LendInvest has announced a 17% year-on-year jump in platform assets under management (AuM) to £3.45bn.
The property finance platform also reported a 23% jump in new lending for the opening half of its financial year, totalling £663.6m.
LendInvest, announcing its H1 results for the six months to 30 September, said it had recorded a period of “consistent execution”, and suggested its rise in new lending was driven by a “leaner, more automated operation”, particularly across the buy-to-let sector.
Across the group, it posted a pre-tax profit of £1.2m against a loss of £2.4m in the corresponding H1 period last year, which it said extended a “clear upward trajectory”.

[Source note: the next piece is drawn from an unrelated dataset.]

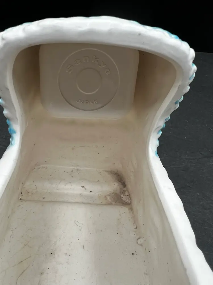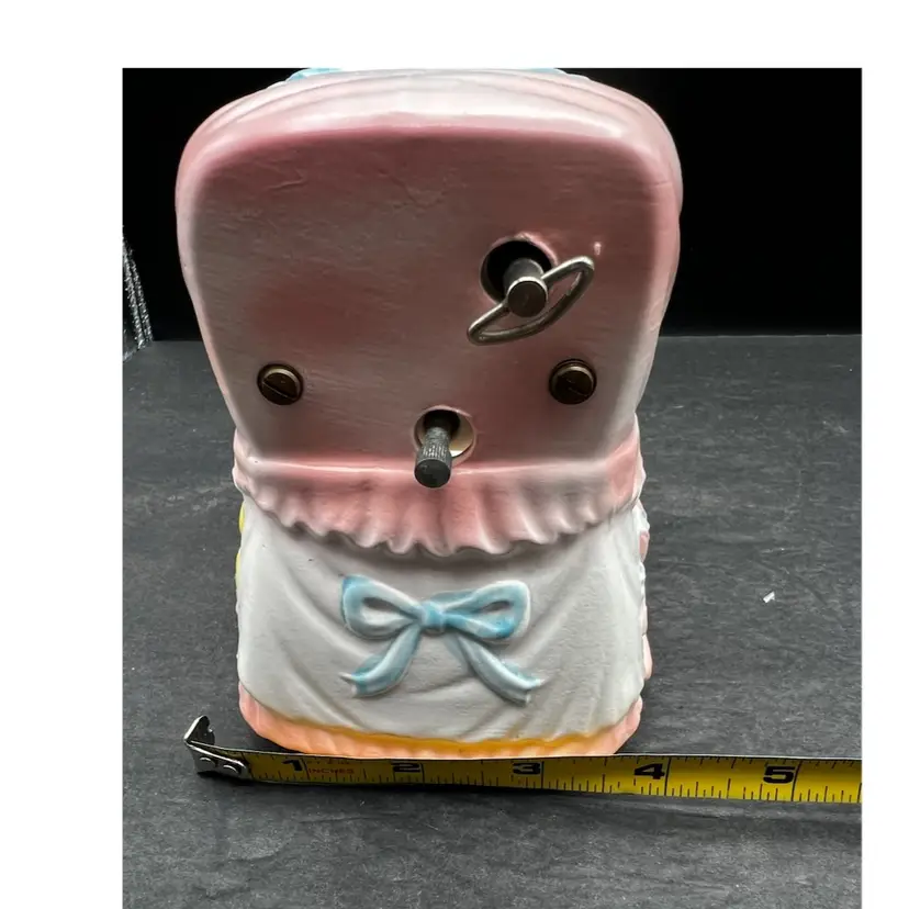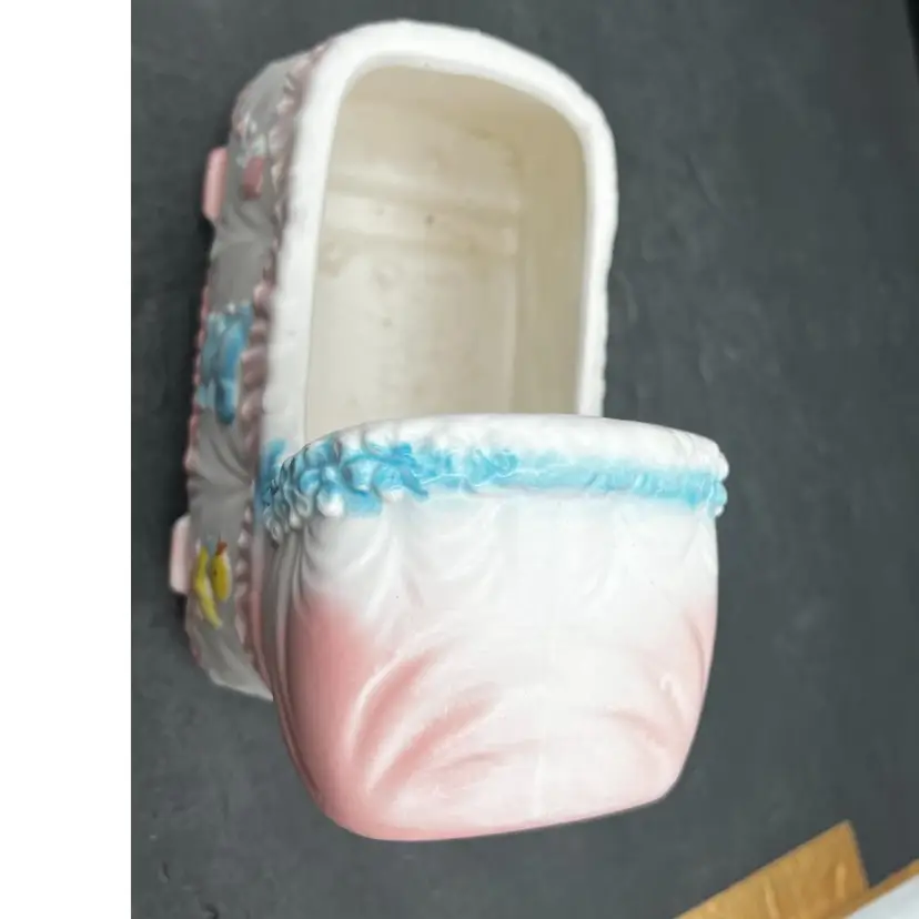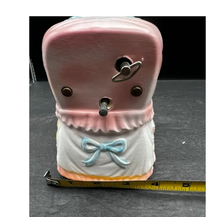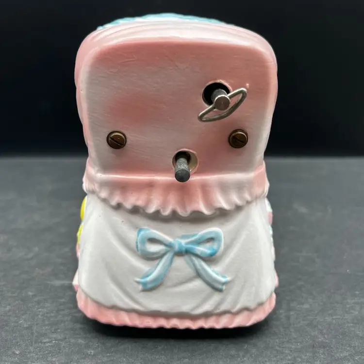 Vintage Napcoware Japan Musical Baby Theme Bassinet Planter, Elephant, Duck And Rattle Plays ‘Go To Sleep Little Baby’ song and has a switch that can turn it on or off In excellent condition, no chips or cracks. 7” long x 5 1/4” tall x 4” wide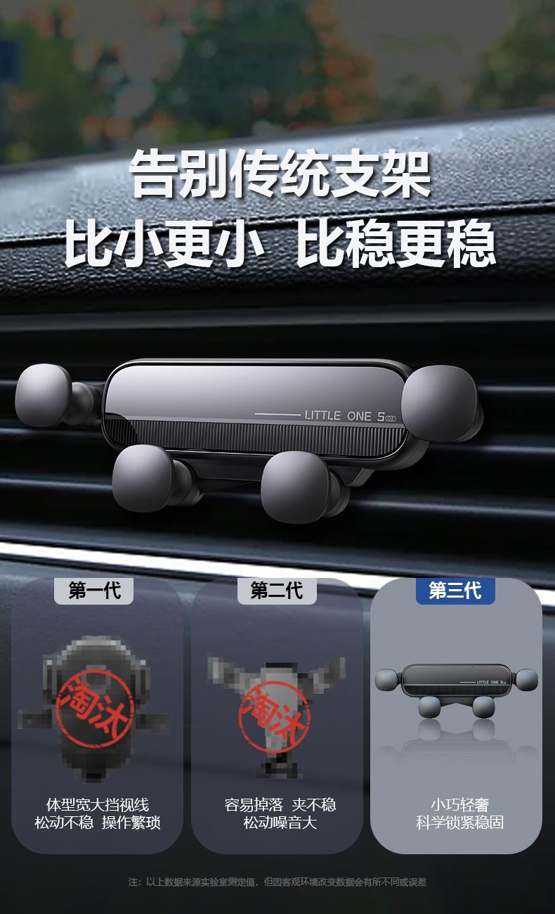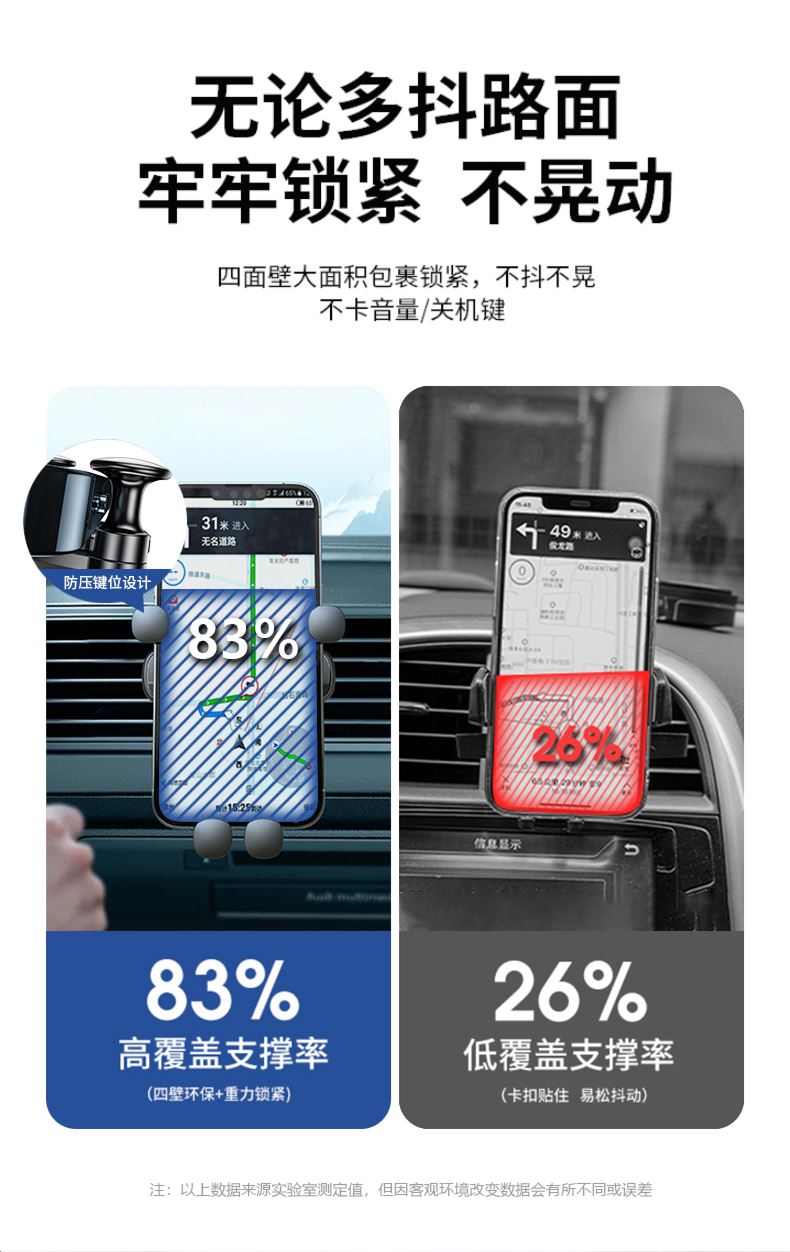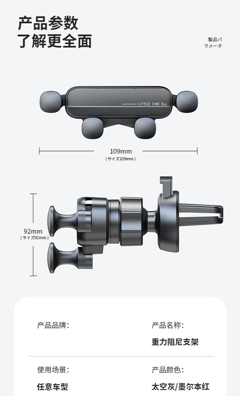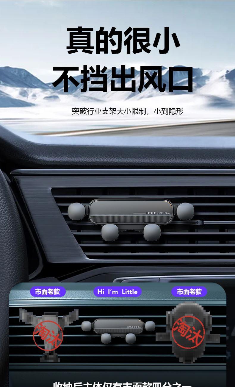 产品尺寸:11.5*4*9.5cm 产品颜色:黑色 绿色 红色 银色 材 料:ABS+PC+硅胶 适用设备:4.7-7英寸手机 产品净重: 48g 安装方式: 出风口夹装式 产品特点 特点一:碳素钢芯 超强承重 特点二:不挡视线 安全驾驶 特第三:方便快捷 单手秒取妙放

So far in LendInvest’s H2 period, the group has completed its seventh consecutive residential mortgage-backed security (RMBS) securitisation, which consisted of a pool of £270m mortgages and £40m pre-funding of UK prime mortgages.
LendInvest CEO, Rod Lockhart, said: “As we look ahead, our focus remains on disciplined execution – scaling lending, protecting margins, and compounding profitability.
“While we experienced some temporary slowdown in property purchase activity ahead of the November Budget, performance for the full year is expected to remain in line with market expectations.
“With a proven model and growing momentum, LendInvest is well positioned to capture the next phase of growth as market conditions improve.”